Основные усилия были сфокусированы на исследовании реакций сенсомоторной и нервной, а также опорно-двигательной, сердечно-сосудистой и иммунной систем. Над проектом работали специалисты из 70 научных и образовательных учреждений России, а также некоторые зарубежные учёные.«Наш институт оказался задействованным в «Бион-М1» в некоторой степени случайно, — комментирует научный сотрудник Лаборатории нейрогеномики поведения ФИЦ «Институт цитологии и генетики СО РАН» кандидат биологических наук Антон Сергеевич Цыбко. — Была нужна лаборатория, которая могла бы исследовать молекулярные изменения, происходящие в мозге в ходе длительного полёта. Организаторов проекта интересовали именно моноаминергические системы, так как это в приложении к микрогравитации практически не изучено. Последние работы по уровню норадреналина и серотонина в космических полётах были сделаны в 80-х годах».
 
Исследования мозга предполагалось проводить на мышах лабораторной линии С57Ы/6 и монгольских песчанках. Учёный отмечает, что за последние годы экспериментов с животными на орбите было осуществлено, на удивление, мало, и они не отличались либо длительностью, либо результативностью. Например, Европейское космическое агентство сделало опыт на 8-ми мышах, из которых выжило только трое (2 — трансгенных, 1 — дикого типа). В такой ситуации ни о какой статистической значимости говорить не приходится, результаты даже самими исследователями ставятся под вопрос, потому что трудно их интерпретировать. В других опытах пребывание животных на орбите ограничивалось максимум неделей-двумя.  
 
К тому же, до проекта «Бион-М1», в космосе почему-то очень мало работали с мышами лабораторной линии С57Ы/6, хотя она является самой распространённой в биологических опытах и полученные на ней данные потом удобно сравнивать с «земными».
 

Анатомия и физиология мыши во многом такая же, как у нас, к тому же её геном на 99% совпадает с геномом человека.
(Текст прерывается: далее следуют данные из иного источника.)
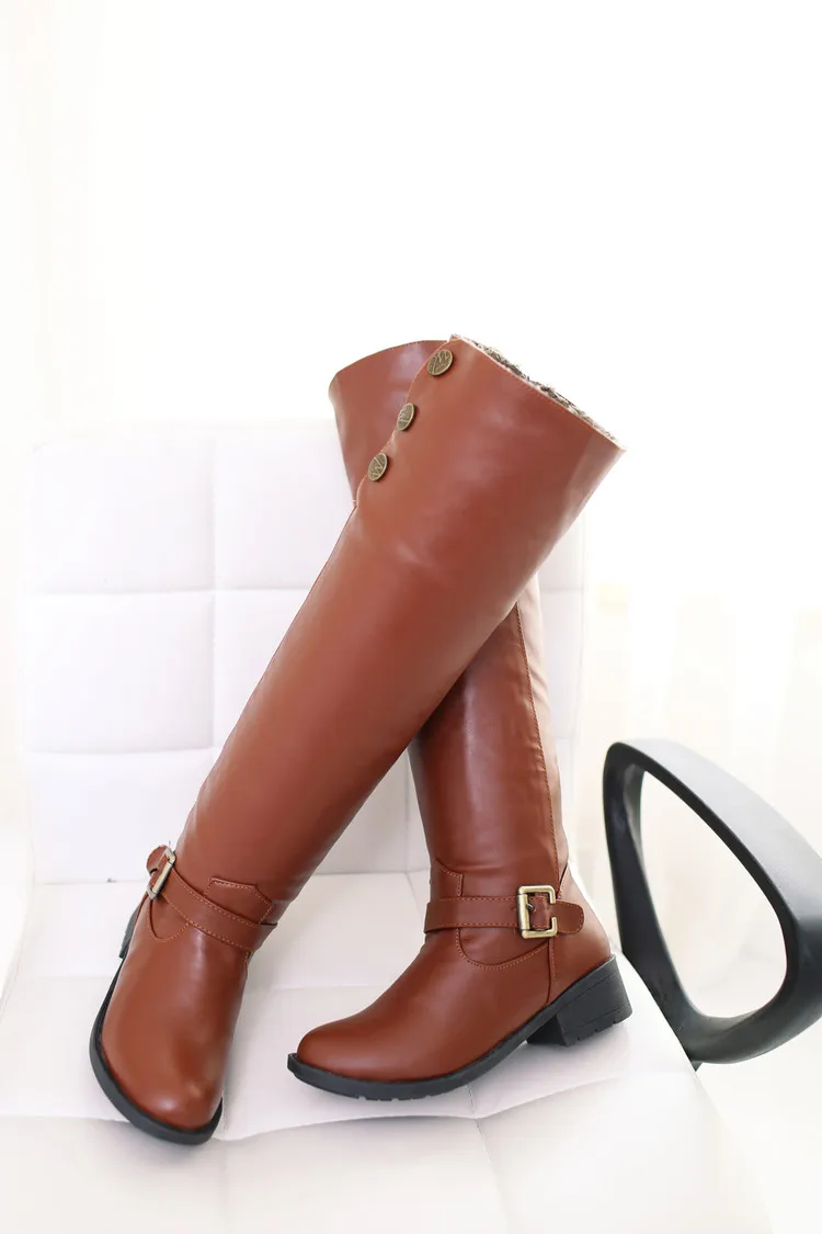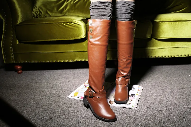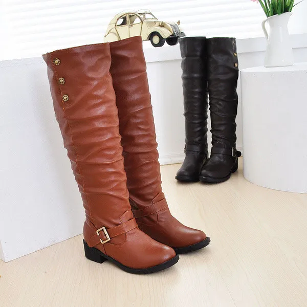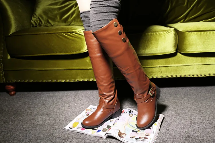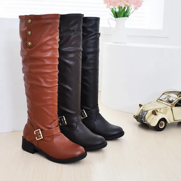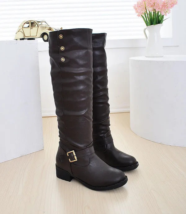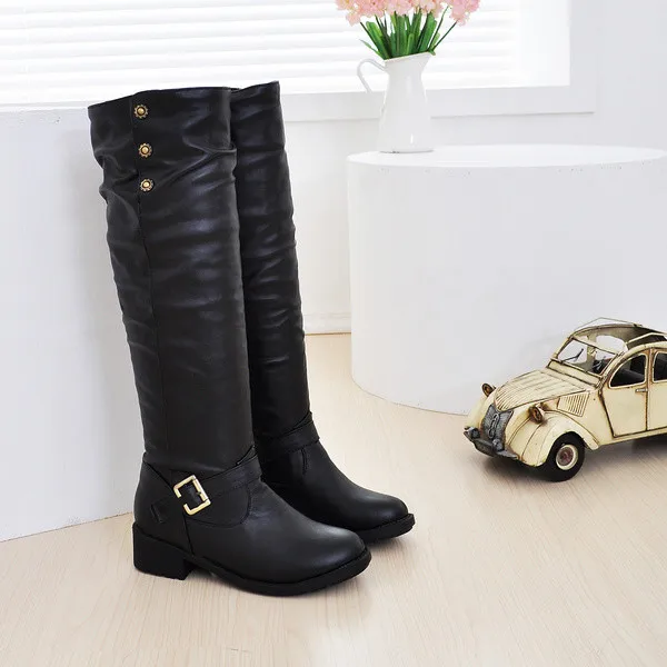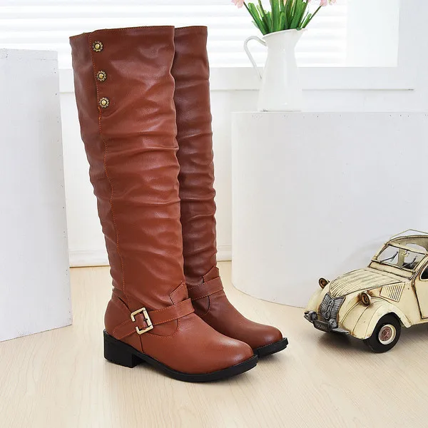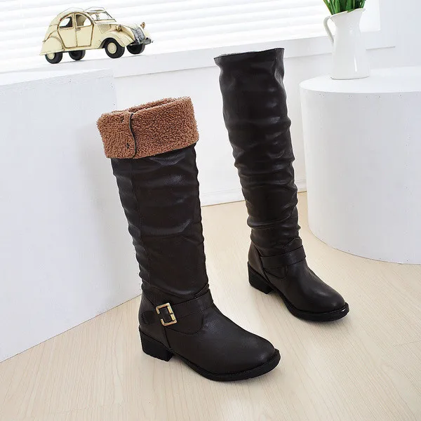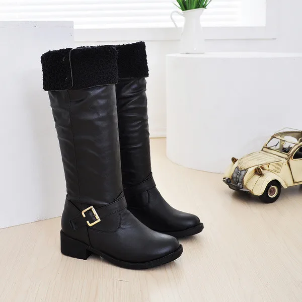 Winter Boots Real 2016 Big Size 34-43 Women Knee High Boots Sexy Chunky Round Toe Spring Autumn Shoes Less Platform 02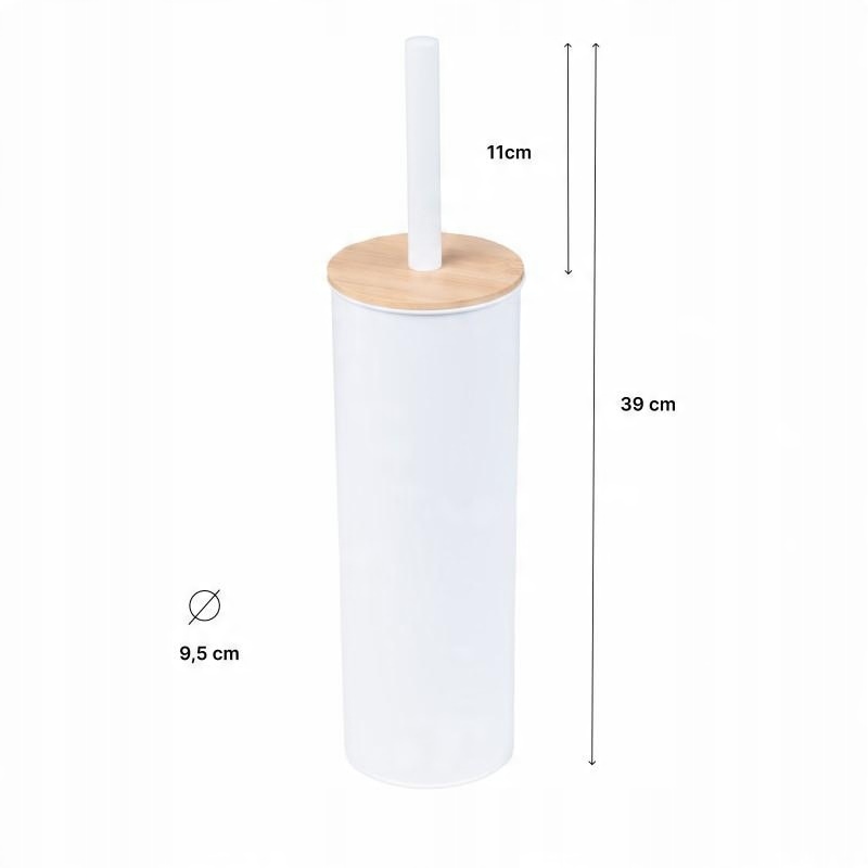 Эта туалетная щетка представляет собой комбинацию эстетики и функциональности. Изготовленный из натурального бамбука, имеет современный, закрытый контейнер, который скрывает кисть, заботясь о гигиене в ванной. Его белая поверхность идеально сочетается с различными расположениями, а бамбуковый материал обеспечивает долговечность и простоту поддержания.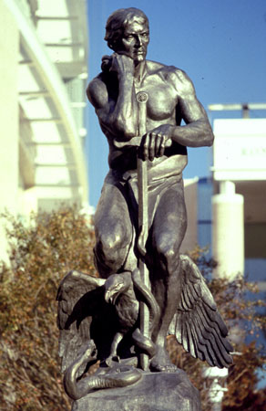 Power & Wisdom: A female figure representing the contemplative aspect of the law and a male figure representing the coercive aspect are located on either side of the entry stairs to the Ronald Reagan Courthouse in Santa Ana, California.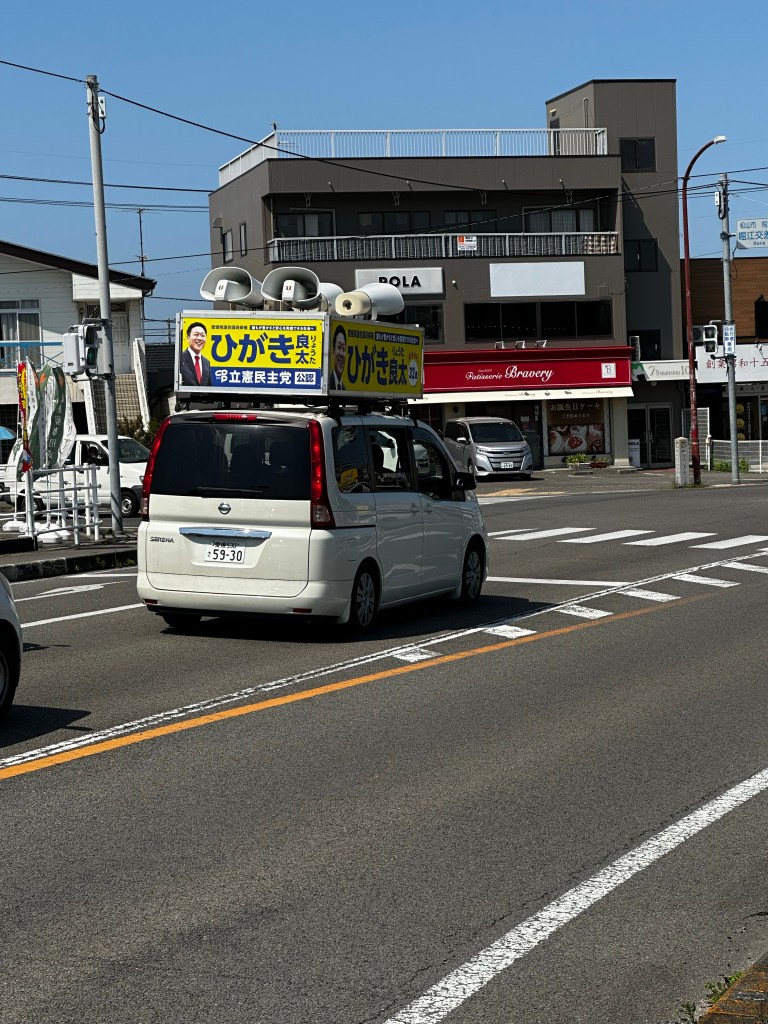 It’s political season in Japan. You would see people riding around in cars dressed entirely the same (colorful jumpsuits with white gloves). Someone would be reading off of a script through the speakers on the roof of the car and the occupants would all be waving out the windows as they passed by.

Поэтому линейные мыши являются наиболее подходящими объектами для изучения механизмов адаптации к невесомости на генном, протеомном и клеточном уровнях.

 
Другая важная черта эксперимента: в этом полёте впервые были исследованы самцы (как правило, на орбиту запускают самок, поскольку внутривидовых конфликтов между ними значительно меньше, тогда как на Земле подопытными чаще всего выступают животные мужского пола).
 
Из 45 отправленных в космос мышей живыми вернулись 26. Песчанки, к сожалению, умерли все. Основная причина смертности: сбои в системе автоматической подачи пищи, также несколько особей погибло из-за  попадания в движущиеся части кормушки и конфликтов внутри группы (последнего старались избежать, сажая мышей в клетки по трое и тестируя их на толерантность друг к другу ещё здесь, на Земле, однако все предвидеть нереально). Но даже оставшиеся 26 животных представляют собой неплохую статистическую выборку.
 
Для того чтобы понять: наблюдаемые эффекты являются результатом пребывания в космосе или они могли быть вызваны стрессом либо чем-то ещё, через три месяца после полёта учёные повторили этот эксперимент на Земле. Взяли мышей той же линии, того же возраста и веса и поместили их в те же самые автоматические камеры — все условия были абсолютно идентичны опыту на «Бион-М1», кроме одного — здесь не было невесомости. Эксперимент показал, полученные изменения — 100% эффект космического полёта. 
 
«Самые интересные из полученных на данных касаются дофаминовой системы. Мы увидели, что экспрессия её ключевых генов снижается после месяца нахождения на орбите, — рассказывает Антон Цыбко. — Это результат, с одной стороны, интересный, а с другой — в некоторой степени тревожный. Он говорит  о том, что дофаминовая система мозга, которая в норме отвечает за тонкую координацию действий, и вообще — за контроль движений, как бы деградирует. В долгосрочной перспективе подобное изменение может привести к развитию паркинсоноподобного состояния. Потому что, если у вас уменьшается экспрессия фермента, синтезирующего дофамин, то снижается и уровень самого нейромедиатора, и в конечном итоге развивается двигательный дефицит».
 

Функции дофаминовой системы можно разделить на два направления. Первое — это положительное подкрепление, играющее немалую роль в контроле нашего поведения. Любой позитив в нашей жизни подтверждается этим моноамином — он участвует и в обучении, и в наркотической зависимости (наркотики восполняют его естественный дефицит, либо приводят к повышенной продуцируемости), и вообще является основным нейромедиатором удовольствия. Вторая важная функция этой системы — контроль движения. Большая проекционная область дофаминовых нейронов находится в стриатуме — структуре, которая отвечает и а координацию, и за мелкую моторику. Когда развивается болезнь Паркинсона, умирают нейроны, возникает серьёзный дефицит дофамина, и развиваются все негативные симптомы болезни, при которых человек не может контролировать свои движения. В ряде случаев у страдающих этим недугом развивается слабоумие. Также негативное воздействие оказывается и на память.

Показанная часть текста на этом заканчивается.